My wife and I saw this film this afternoon and liked it.

Unlike some of the people whose opinions I've read on the Internet, I was
never (need it be said?) associated professionally or personally w/ Ms.
DuPre.  I therefore have no basis for accepting or rejecting the accuracy
of the ostensible biographical material presented, and no reason to feel
personally upset over episodes that might be considered as depicting
Jaqueline to her disadvantage.  My knowledge about her personal life was,
until I started reading the Internet posts, as follows.  She was a gifted
cellist, famous for her performance(s) of the Elgar concerto, among other
works, married to Daniel Barenboim (who at some time during their marriage
had set up a menage in Paris w/ another woman by whom he had at least one
child), lover to one or more other musicians, tragically cut down in her
youth by multiple sclerosis, from which she died in her early forties.  In
the course of reading the Internet posts, I also found out that she had a
sister, Hillary, a highly talented flutist, whom she had overtaken by early
adolescence and that she later slept w/ her sister's husband "Kiffer" Finzi
(son of Gerald?), having secured her sister's approval.

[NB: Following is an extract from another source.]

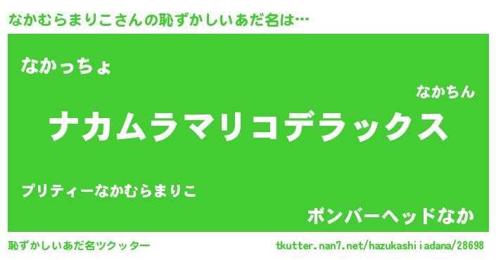 | 男性向けラノベタイトル風あだ名 | 『Re:なかむらまりこから始める異世界生活』 |
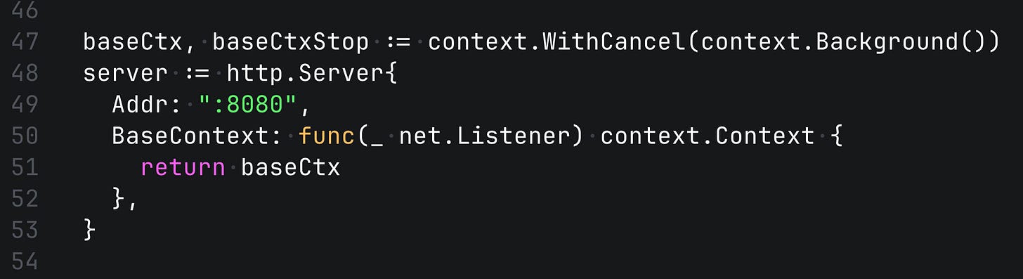 http.Server accepts the BaseContext. This context is shared across all incoming requests, and it can be handy during the shutdown process, for example to send the cancellation if there are still any running requests.

What did I get from the film, besides exerpts from some wonderful music,
and hoaky scenes of Jackie playing parts of concerts to jubilant acclaim?
A touching story of a young girl w/ a slightly older sister, growing up in
a musical family.  Of the musical rivalry between them which occasionally
errupted into open resentment by the one who felt eclipsed (fist J, then
H).  Of H finding herself not only outstripped but alone as J is touring
Europe while she's struggling to satisfy the appatently stultifying demands
of a weary teacher at the Royal Conservatory and rediscovering her self
worth in her whirlwind courtship by Finzi.  And of young J, bewildered on
tours in countries whose language she never learned, where she couldn't get
her laundry done, where she couldn't even make a telephone call home, and
finally coming home, only to find the sister to whose company she had been
looking forward now preoccupied w/ her new fiance.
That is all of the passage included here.